— Да я, Владим Владимыч…
— Я вам сказал: покажете мне.
…Груды иностранных юмористических журналов. Лихорадочная работа. Остроты и так не очень смешные, а в переводе и вовсе получается уныло. Уже два раза звонил Маяковский. Справлялся, как подвигается дело. Говорил, что в редакции ждут. Еще раз напомнил, что в юморе должна быть социальная направленность.

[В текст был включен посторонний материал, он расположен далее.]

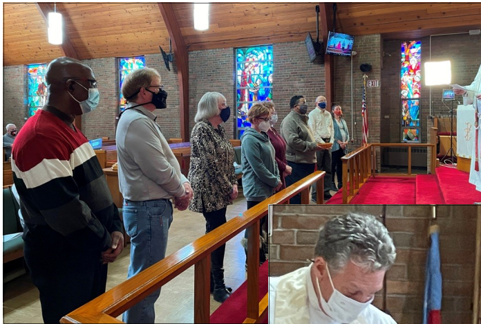
Prayers and . . .

Кое-как набралась страница «мелочишек».
Пока Маяковский читал, у переводчицы дрожали поджилки: сейчас Владим Владимыч изругает, засмеет за глупый выбор острот.
Маяковский прочел вслух:
— «Мимо строящегося дома на автомобиле едет буржуазная пара. Он:
— Смотри, дорогая, каменщик сморкается в руку, а потом той же рукой берется за кирпич.
Она:
— Ужасно! И в таком доме нам придется жить!» Гм… так… Посмотрим, что дальше…
Но и следующее не вызвало возражений. Маяковский расправил мохнатые брови.
— Молодец, старуха! Волоките это в редакцию.
…После переводов пошла самостоятельная работа в газете. Самая разнообразная. Маленькие заметки о быте. Интервью с Бернгардом Келлерманом и Стефаном Цвейгом. Встречи с нашими дипломатами. Присутствие при подписании договоров с другими государствами. Поездки по стране и очерки о виденном. Было трудно. Маяковский чаще высмеивал, чем хвалил.
Когда Маяковского не стало, первая мысль была написать о нем, рассказать всем, главным образом молодежи, какой это был Человек, как он писал стихи, как говорил, как двигался, как помогал молодым.
По горячим следам стала набрасывать все, что помнила, что было так живо. А попутно продолжала работать над очерками.
Первая книжка была «Желторотые» — совсем маленькая, робкая, о юннатах. Потом пошли другие, посмелее: «Черная Салли», «Джон Браун», «Тетрадь Андрея Сазонова», «Дети Горчичного рая», «Девица-кавалерист», «Два брата», «Серебряный щит», «Заколдованная рубашка». Появилась в печати и повесть о Маяковском «Большие шаги» — мой долг благодарности.